A Practical Security Workflow
A strong but realistic Terraform security workflow looks like this:
- write Terraform code
- run
terraform fmtandterraform validate - run
tfsecandcheckov - review findings and fix or justify them
- generate a plan in CI
- protect remote state and credentials
- apply only through controlled branches or approvals
This is not security perfection. It is operational discipline, which is what prevents most avoidable mistakes.
Final Thoughts
Terraform security is not only about finding bad code patterns. It is equally about protecting the Terraform workflow itself.
You need both:
- secure infrastructure definitions
- secure handling of state, secrets, and pipeline credentials
If you remember only one thing from this lesson, make it this: a Terraform repo can be dangerous even before anything is applied.
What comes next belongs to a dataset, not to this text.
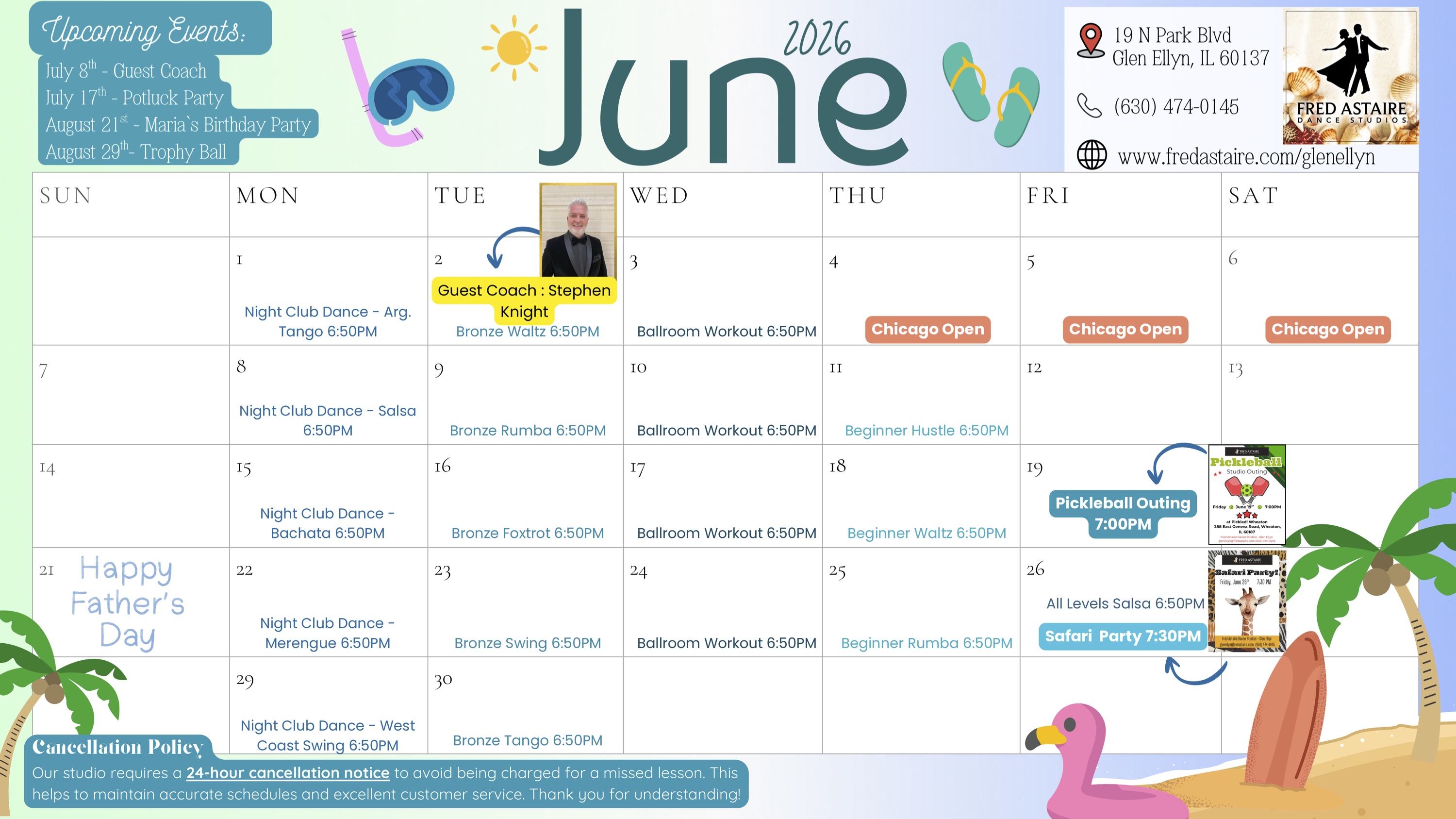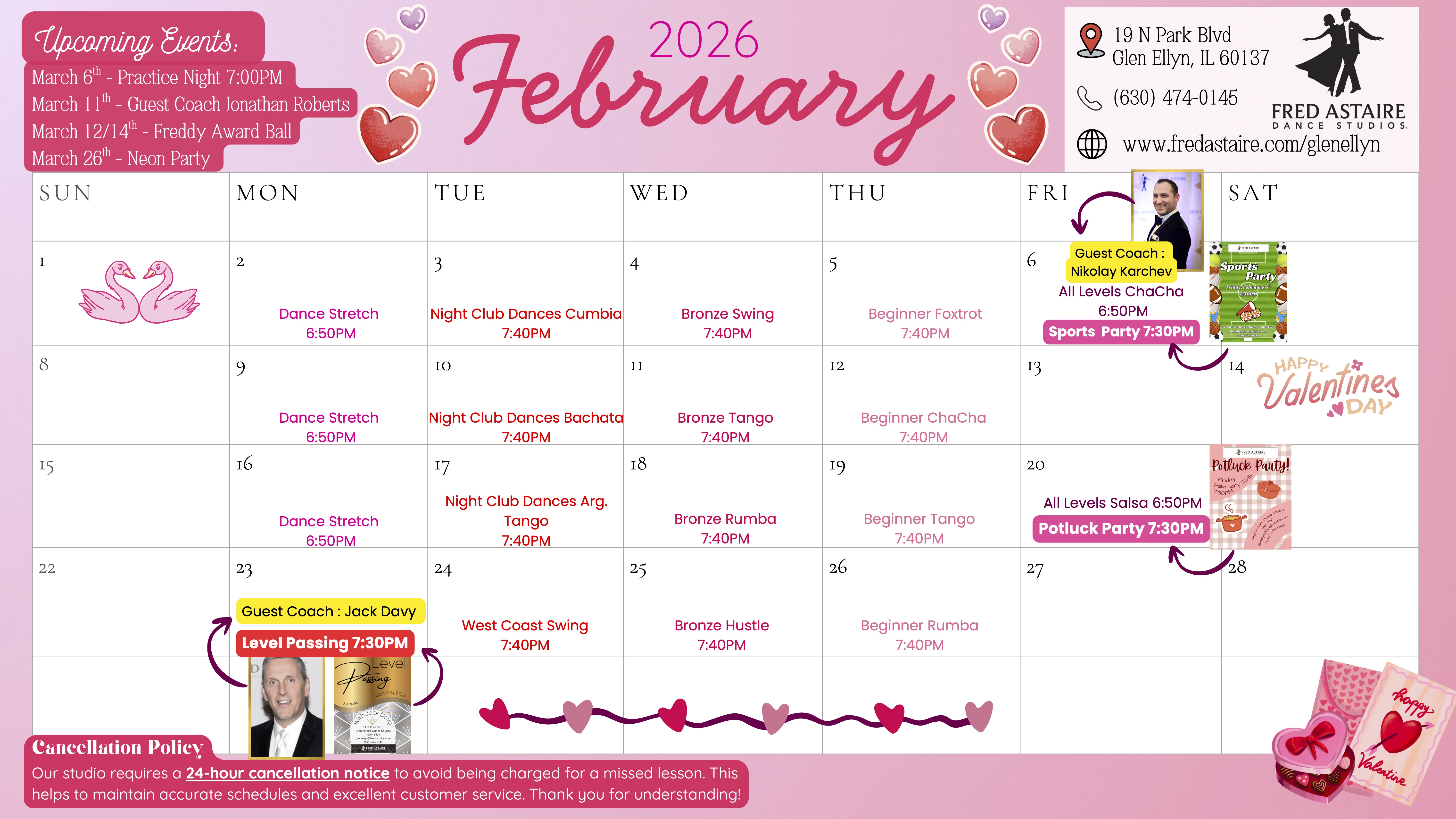 Check out this month’s schedule of Group Classes, Practice Parties and Special Events at our Studio. Come with a dance partner or by yourself. For more information and to join us, just give us a call! 630-474-0219

The code, the state, the CI variables, and the backend are all part of the security boundary.
Practice Questions
Question 1: State File Risk
Why is the Terraform state file considered sensitive?
Question 2: Scanner Purpose
What is the main benefit of tools like tfsec and Checkov?
Question 3: Sensitive Variables
What does `sensitive = true` on a Terraform variable primarily do?